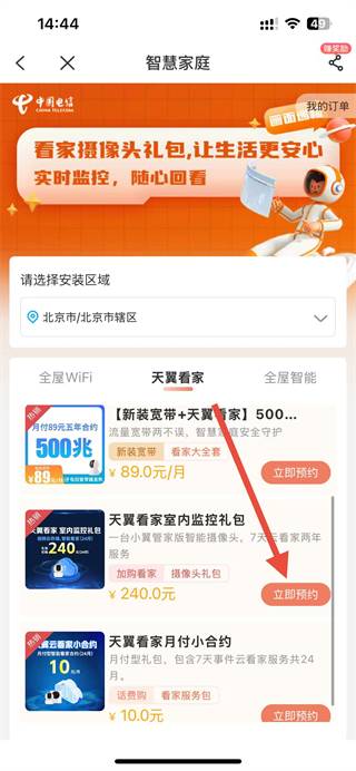 2、在智慧家庭页面,选择天翼看家室内监控礼包,点击其右侧的立即预约按钮。
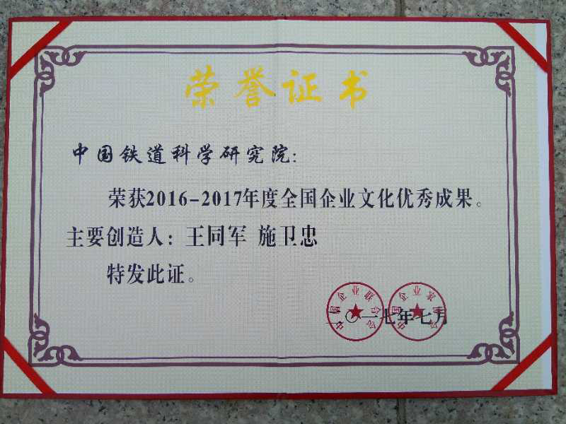 近年來,鐵科院企業(yè)文化開始深入人心。企業(yè)文化建設(shè)成果獲得中國鐵路總公司原總經(jīng)理盛光祖、現(xiàn)任總經(jīng)理陸東福、現(xiàn)任副總經(jīng)理(當時鐵科院院長)王同軍的充分肯定和高度評價。同時,榮獲全國、鐵路行業(yè)兩級“企業(yè)文化優(yōu)秀成果”獎項。
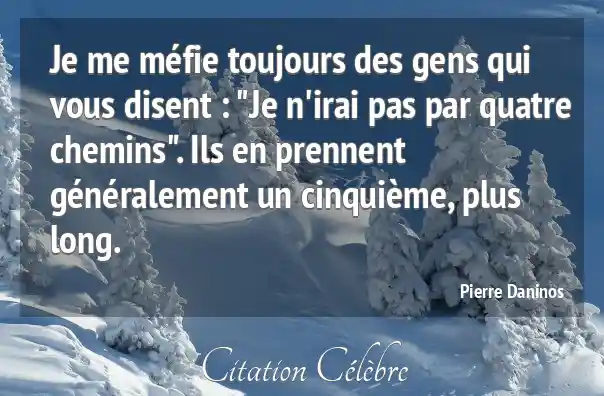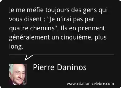 Je me méfie toujours des gens qui vous disent : "Je n'irai pas par quatre chemins". Ils en prennent généralement un cinquième, plus long.
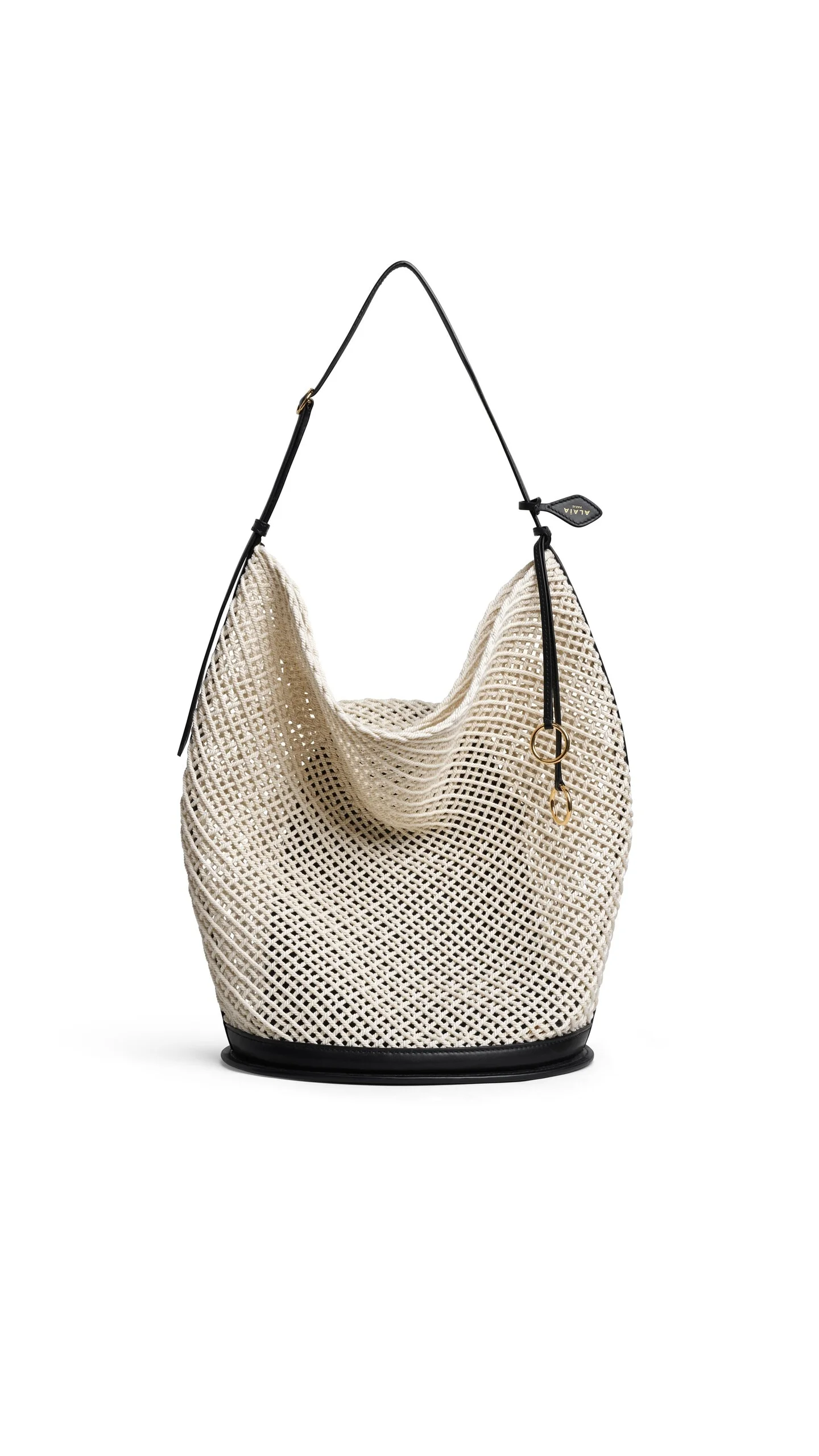 DETAILS Large bucket bag Anatomical curved shape that hugs the body Adjustable strap Decorative ties with metallic rings and Alaia tag Shoulder carry Cotton cord net and leather trims Dimensions (cm): L 28 X H 39 X D 16 Made in Italy MATERIALS MAIN MATERIAL: 100% COTTON SECONDARY MATERIAL: 100% CALF LEATHER PRODUCT REFERENCE: AA1L6006I219-120

## [Task]
Without the pictures, repeat the listing word for word.

## [Solution for this exercise]
 2、在智慧家庭页面,选择天翼看家室内监控礼包,点击其右侧的立即预约按钮。
 近年來,鐵科院企業(yè)文化開始深入人心。企業(yè)文化建設(shè)成果獲得中國鐵路總公司原總經(jīng)理盛光祖、現(xiàn)任總經(jīng)理陸東福、現(xiàn)任副總經(jīng)理(當時鐵科院院長)王同軍的充分肯定和高度評價。同時,榮獲全國、鐵路行業(yè)兩級“企業(yè)文化優(yōu)秀成果”獎項。
 Je me méfie toujours des gens qui vous disent : "Je n'irai pas par quatre chemins". Ils en prennent généralement un cinquième, plus long.
 DETAILS Large bucket bag Anatomical curved shape that hugs the body Adjustable strap Decorative ties with metallic rings and Alaia tag Shoulder carry Cotton cord net and leather trims Dimensions (cm): L 28 X H 39 X D 16 Made in Italy MATERIALS MAIN MATERIAL: 100% COTTON SECONDARY MATERIAL: 100% CALF LEATHER PRODUCT REFERENCE: AA1L6006I219-120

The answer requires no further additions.